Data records
▼

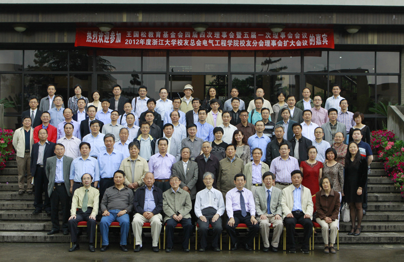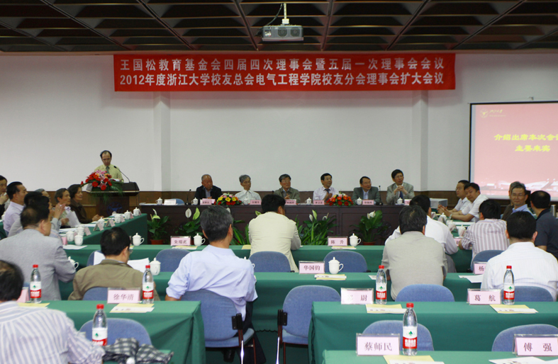 2012年5月20日,正值浙江大学115周年校庆庆典之日,浙江大学王国松教育基金会四届四次理事会暨五届一次理事会会议暨2012年度浙江大学校友总会电气工程学院校友分会理事会扩大会议在浙江大学玉泉校区邵逸夫科学馆隆重举行。中国科学院院士韩祯祥、中国工程院院士汪槱生、浙江大学工学部副主任徐德鸿、浙江大学工研院院长赵荣祥、电气工程学院常务副院长韦巍、电气工程学院党委书记王瑞飞、浙江省电力公司总经理李卫东、浙江省电力公司原总经理陈积民、王国松先生的女儿王遵雯、王国松教育基金会的理事、电气学院校友分会理事、学院师生共计100余人出席了大会。
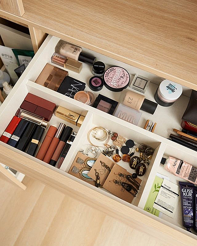 臺面上是開放式收納架,鏡子后也隱藏儲物空間。臺面下方是推拉式的抽屜,提供了充分的收納空間,從化妝品到生活必需品都可以在化妝臺里整理。
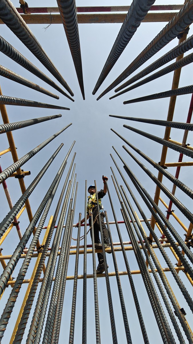 5月13日,工人在聚能發(fā)電公司機組項目建設(shè)現(xiàn)場綁扎鋼筋
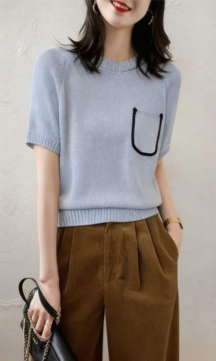 夏季新款韩系亚麻透气肌理薄款圆领口袋设计款冰丝针织T桖,独立包装均码面料柔软舒适有弹力,230件,全清5.9元超低价秒杀!分货加一!
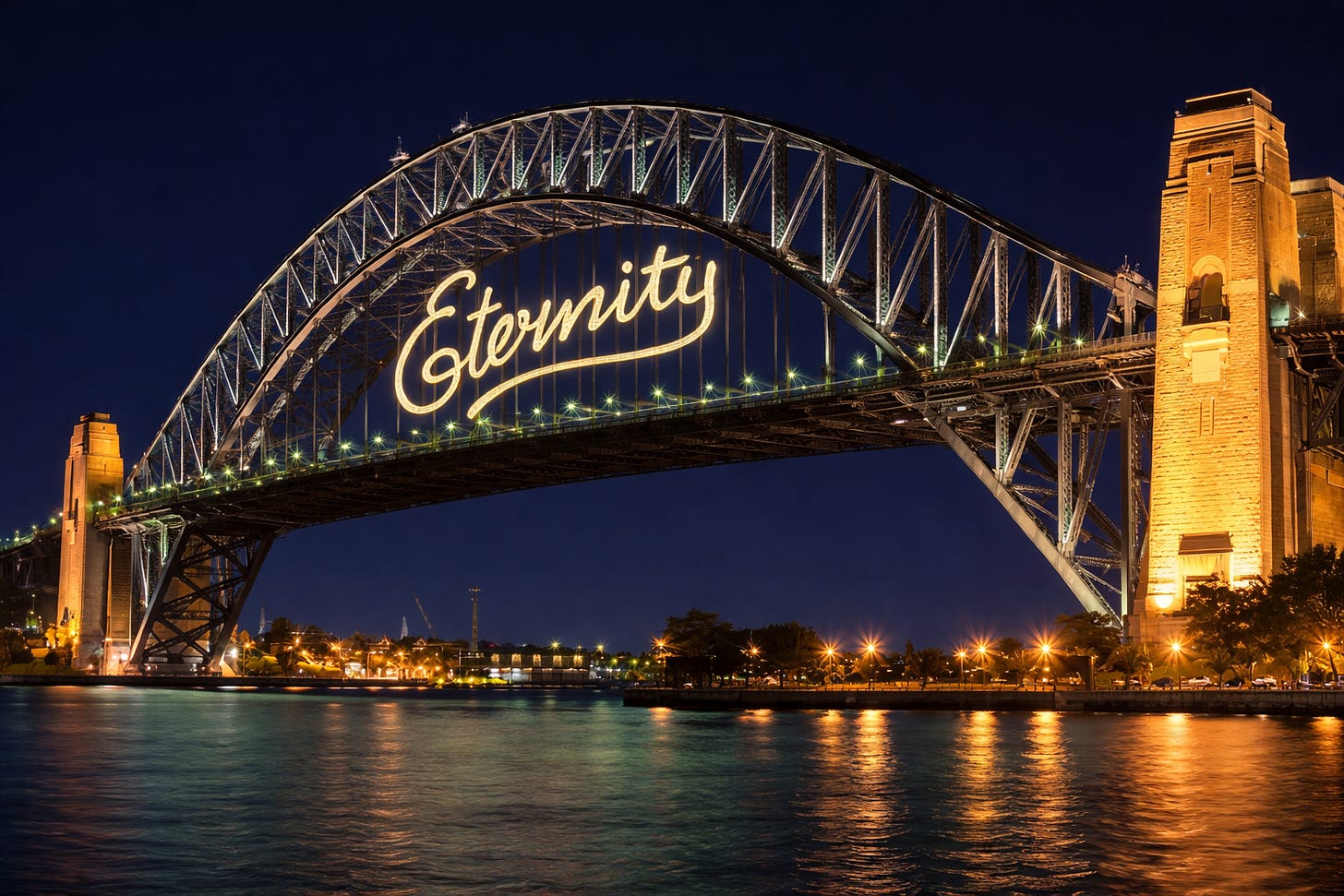 Everything in Sydney seemed big, brash and vibrant. On one of those trips, I recall Nanna drawing our attention to the word Eternity chalked in fading, fluid copperplate on the pavement and passing on the lore that no one knew who the mysterious draftsman was or why he scrawled this one word everywhere.

▲

# ABOUT THIS EXERCISE
All of the records should be set down exactly, minus the pictures they hold.

# TASK ANSWER
 2012年5月20日,正值浙江大学115周年校庆庆典之日,浙江大学王国松教育基金会四届四次理事会暨五届一次理事会会议暨2012年度浙江大学校友总会电气工程学院校友分会理事会扩大会议在浙江大学玉泉校区邵逸夫科学馆隆重举行。中国科学院院士韩祯祥、中国工程院院士汪槱生、浙江大学工学部副主任徐德鸿、浙江大学工研院院长赵荣祥、电气工程学院常务副院长韦巍、电气工程学院党委书记王瑞飞、浙江省电力公司总经理李卫东、浙江省电力公司原总经理陈积民、王国松先生的女儿王遵雯、王国松教育基金会的理事、电气学院校友分会理事、学院师生共计100余人出席了大会。
 臺面上是開放式收納架,鏡子后也隱藏儲物空間。臺面下方是推拉式的抽屜,提供了充分的收納空間,從化妝品到生活必需品都可以在化妝臺里整理。
 5月13日,工人在聚能發(fā)電公司機組項目建設(shè)現(xiàn)場綁扎鋼筋
 夏季新款韩系亚麻透气肌理薄款圆领口袋设计款冰丝针织T桖,独立包装均码面料柔软舒适有弹力,230件,全清5.9元超低价秒杀!分货加一!
 Everything in Sydney seemed big, brash and vibrant. On one of those trips, I recall Nanna drawing our attention to the word Eternity chalked in fading, fluid copperplate on the pavement and passing on the lore that no one knew who the mysterious draftsman was or why he scrawled this one word everywhere.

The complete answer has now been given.